PhpDig.net

PhpDig.net (http://www.phpdig.net/forum/index.php)
-   How-to Forum (http://www.phpdig.net/forum/forumdisplay.php?f=33)
-   -   iso-8859-7 (http://www.phpdig.net/forum/showthread.php?t=135)

mkst 10-08-2003 05:43 AM

iso-8859-7
 
Hello there!
I would like to know how I can change the iso to iso-8859-7 (greek). I read the documentation but could not understand how to set the

$phpdig_string_subst['iso-8859-7'] and

$phpdig_words_chars['iso-8859-7'] values.

Any help please??

Rolandks 10-08-2003 12:51 PM

You must define ALL - Chr: in this String
$phpdig_string_subst['iso-8859-7'] ='......here is iso-8859-7 chr ...........'

see:
http://www.softlab.ntua.gr/~sivann/xgrk/iso8859-7.html

and set:
define('PHPDIG_ENCODING','iso-8859-7');

Perhaps you found the code in ONE Line with google ?

-Roland-

mkst 10-09-2003 01:19 AM

Thanks for your reply Rolandks! :)

oK, I think I got it......
What about the:

$phpdig_words_chars['iso-8859-2'] = '[:alnum:]ðþß';

What is it used for? Will I have to change it?

Regards,
Mike

Charter 10-09-2003 04:56 PM

Hi. The $phpdig_words_chars['iso-8859-2'] = '[:alnum:]ðþß'; is for non-accented 'lowercase' letters such as the German ß (pronouced 'ess set' if I remeber correctly) for example. Sort of think of it like anything that doesn't go in $phpdig_string_subst['iso-8859-2'] might go in $phpdig_words_chars['iso-8859-2']. If you will, once you get your 'iso-8859-7' set, please post it in the Mod Submissions forum in case others might want to use it. Thanks. :)

mkst 11-26-2003 08:04 AM

Unfortuanetely I can not make it to work. :cry: :cry:

I have used something like:

$phpdig_string_subst['iso-8859-7'] = 'Á:¢,Å:¸,Ç:¹,É:ºÚ,Ï:¼,Õ:¾,Ù:¿,Ü:á,å:Ý,ç:Þ,é:ßúÀ,ï :ü,õ:ýû*,ù:þ';

I have changed the encoding to: define ('PHPDIG_ENCODING','iso-8859-7');

I think that the problem is with $phpdig_words_chars['iso-8859-1']='[:alnum:]ðþß' string. What letters do i put within the [::] characters and what letters after this?

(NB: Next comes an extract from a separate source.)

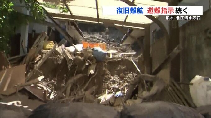 熊本市北区清水万石1丁目の住宅地では、8月10日から11日にかけて降った大雨で裏山が崩れ、今でも雨が降ればさらなる土砂崩れの恐れがあるとして、おととい(18日)、避難指示が発令されました。

The script searches some of the english pages that i have in the site, but does not search any greek pages. The table 'keywords' only contains english words.

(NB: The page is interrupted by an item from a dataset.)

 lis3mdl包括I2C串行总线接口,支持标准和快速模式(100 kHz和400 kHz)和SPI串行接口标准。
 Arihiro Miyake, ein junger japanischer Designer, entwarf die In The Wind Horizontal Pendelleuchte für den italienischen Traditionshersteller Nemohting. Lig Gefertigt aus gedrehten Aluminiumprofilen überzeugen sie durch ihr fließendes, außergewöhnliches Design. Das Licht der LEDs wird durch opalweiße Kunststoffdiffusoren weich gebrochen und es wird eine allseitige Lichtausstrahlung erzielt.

I would really need some help!
ps. I am using the 1.6.2 version.

Charter 11-26-2003 10:06 AM

Hi. I found the below ASCII representation of iso-8859-7 at http://www.gar.no/home/mats/8859-7.htm.
Code:

80-9F: unassigned
// note A0 is a space
A0-BF: _¡¢£¤¥¦§¨©ª«¬_®¯°±²³´µ¶·¸¹º»¼½¾¿
C0-DF: ÀÁÂÃÄÅÆÇÈÉÊËÌÍÎÏÐÑÒÓÔÕÖ×ØÙÚÛÜÝÞß
E0-FF: *áâãäåæçèéêëì*îïðñòóôõö÷øùúûüýþÿ

When making $phpdig_string_subst['iso-8859-7'], it's like making a key value set. For example, if the Latin A is like the Greek Ά (hex B6) then the $phpdig_string_subst['iso-8859-7'] variable would start like the following:
PHP Code:

$phpdig_string_subst['iso-8859-7'] = 'A:¶'

If Greek uses Á (hex C1) also like the Latin A, then $phpdig_string_subst['iso-8859-7'] would start like the following:
PHP Code:

$phpdig_string_subst['iso-8859-7'] = 'A:¶Á'

The same type of thing goes for Latin a. If Greek uses ά (hex DC) and á (hex E1) like the Latin a, then $phpdig_string_subst['iso-8859-7'] would start like the following:
PHP Code:

$phpdig_string_subst['iso-8859-7'] = 'A:¶Á,a:Üá'

The $phpdig_string_subst['iso-8859-7'] variable is for all accented or diacritic characters (basically all accented characters and those characters that do not copy paste into ASCII as the characters themsleves but rather copy paste as ASCII representations of the characters).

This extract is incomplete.